I'm trying to assess the difference between two algorithms. They are stochastic, so I've run them multiple times against the same input files and noted their results. I want to determine whether my algorithm offers a statistically significant improvement over a previous approach. From my (potentially flawed) understanding this sort of situation is where I should (or rather could) use the Wilcoxon Sign Rank test.
The data is naturally paired, so I can join together outputs of both algorithms by the particular input problem they used. Since I want to test that my algorithm is not just different, but actually better (in this case returning lower values) than the other algorithm this appears to be a one-tailed assumption.
I'm using the R wilcox.test
function to perform the test and I'm slightly confused about how I should interpret the results. I have read the help page for wilcox.test
and it doesn't seem to offer much information about the results, more focus is made to the function's arguments. I've made a minimal working example with a small subset of my data:
x <- structure(list(instance = structure(c(1L, 1L, 1L, 1L, 1L, 1L,
1L, 1L, 1L, 1L), .Label = c("competition01", "competition02",
"competition03", "competition04", "competition05", "competition06",
"competition07", "competition08", "competition09", "competition10",
"competition11", "competition12", "competition13", "competition14",
"competition15", "competition16", "competition17", "competition18",
"competition19", "competition20"), class = "factor"), nhoods = structure(c(1L,
1L, 1L, 1L, 1L, 1L, 1L, 1L, 1L, 1L), .Label = c("nhoods1", "nhoods2",
"nhoods3", "nhoods4", "nhoods5"), class = "factor"), run.no = structure(c(1L,
1L, 2L, 2L, 3L, 3L, 4L, 4L, 5L, 5L), .Label = c("1", "2", "3",
"4", "5"), class = "factor"), partition = structure(c(1L, 2L,
1L, 2L, 1L, 2L, 1L, 2L, 1L, 2L), .Label = c("Hard-Soft", "Full"
), class = "factor"), VNS = c(984L, 1445L, 1033L, 1445L, 1035L,
1318L, 1058L, 1445L, 913L, 1445L), `VNS-Skip` = c(1083L, 1425L,
1099L, 1230L, 1077L, 1363L, 1102L, 1442L, 1093L, 1252L)), .Names = c("instance",
"nhoods", "run.no", "partition", "VNS", "VNS-Skip"), row.names = c(NA,
10L), class = "data.frame")
wilcox.test(x[,5], x[,6], paired = TRUE, conf.int = TRUE, alternative = "greater")
My algorithm's results are in the 6th column and the original ones are in the 5th column. Since I want to assess whether my algorithm is better I've used the alternative = "greater" option which should mean that the test is checking for 1st arg > 2nd arg.
This results in the output:
Wilcoxon signed rank test
data: x[, 5] and x[, 6]
V = 22, p-value = 0.7217
alternative hypothesis: true location shift is greater than 0
95 percent confidence interval:
-72 Inf
sample estimates:
(pseudo)median
-21
In this case the p-value is not less than 0.05 so there is not enough evidence to discard the null hypothesis.

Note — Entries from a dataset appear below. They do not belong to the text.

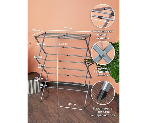 Надежная складная конструкция раздвигается в высоту и по ширине.
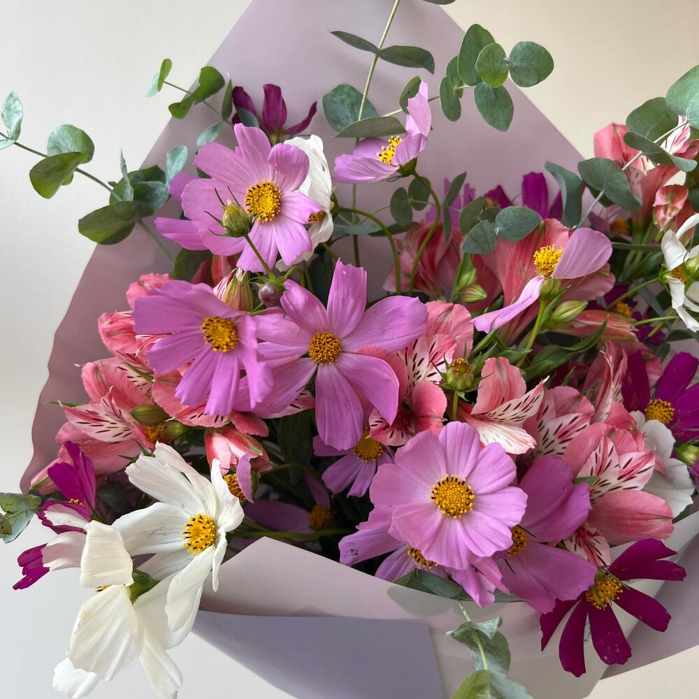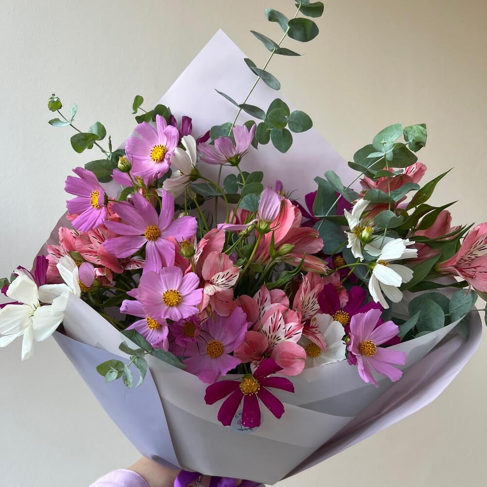 Альстромерии, Кустовые розы, Лизиантусы, Пионовидные розы, Розы, Ромашки
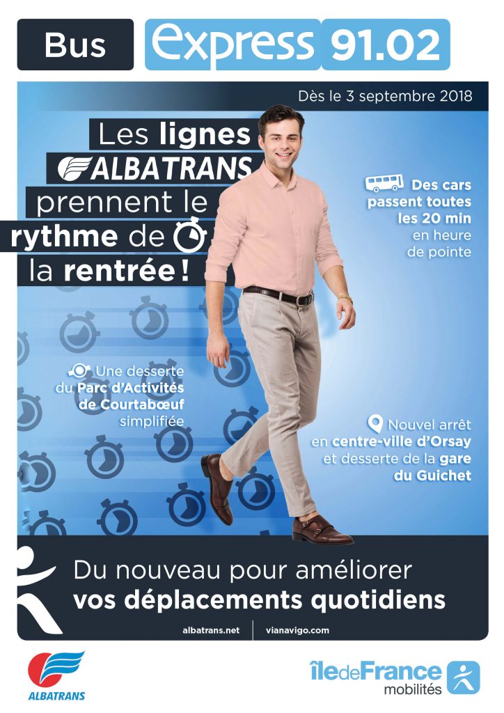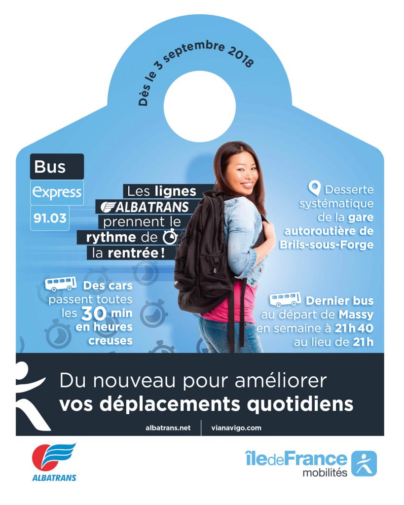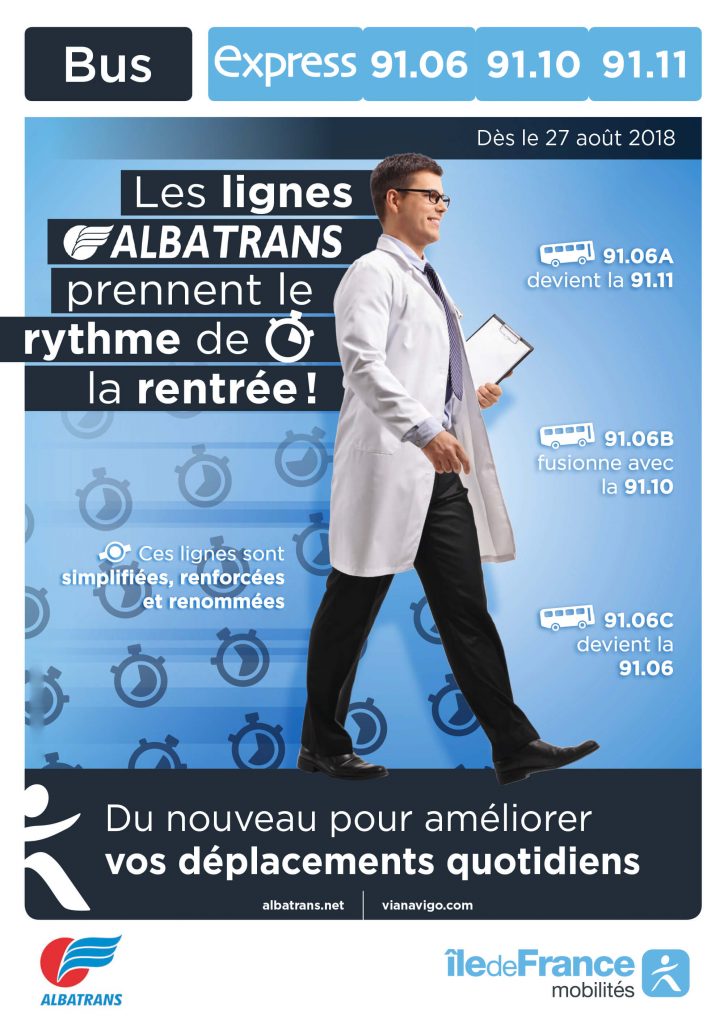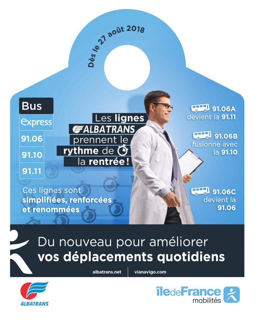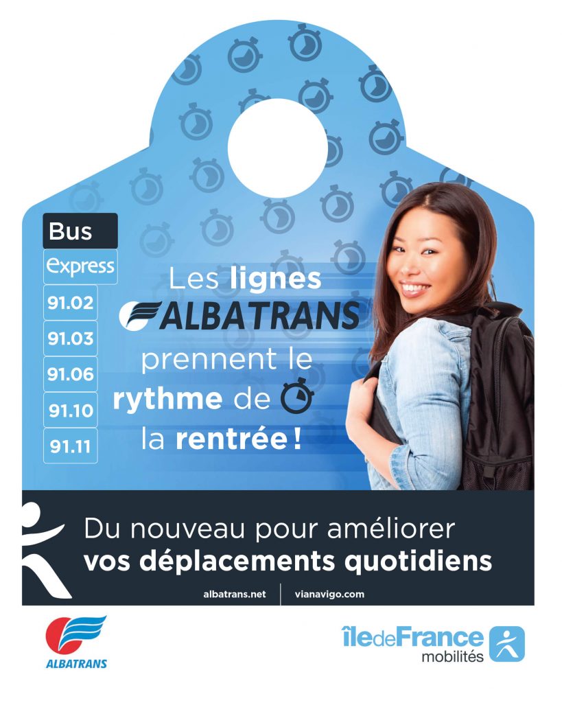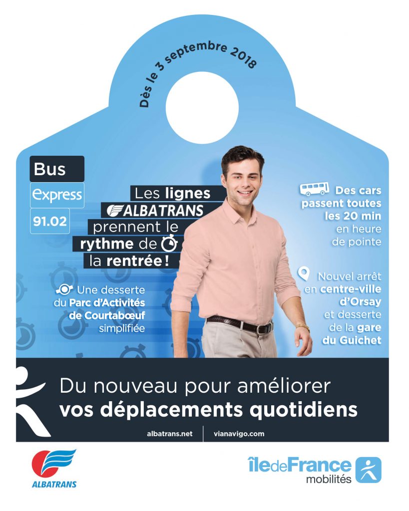 Conception et réalisation de la campagne promotion des lignes Express 91 en 3 modèles d’affiches A3 et 3 modèles d’affichettes suspendues à bord des bus pour le réseau de bus Albatrans en 2018.

What does having infinity as the upper bound of a confidence interval mean? Is this because I'm using the one-tailed version of the test? All the tests I've run on my data always have the upper confidence interval as Inf. If the p-value were less than 0.05 would that mean I would be justified in saying "with a 95% confidence x[,5]'s mean will be within -72 of x[,6]'s?"
What does the V value mean with regard to my data? From what I can see it is the difference between median(x[,5])
and median(x[,6]
but how would describe that in prose? Does anyone actually use the V value is the discussion of their data analyses?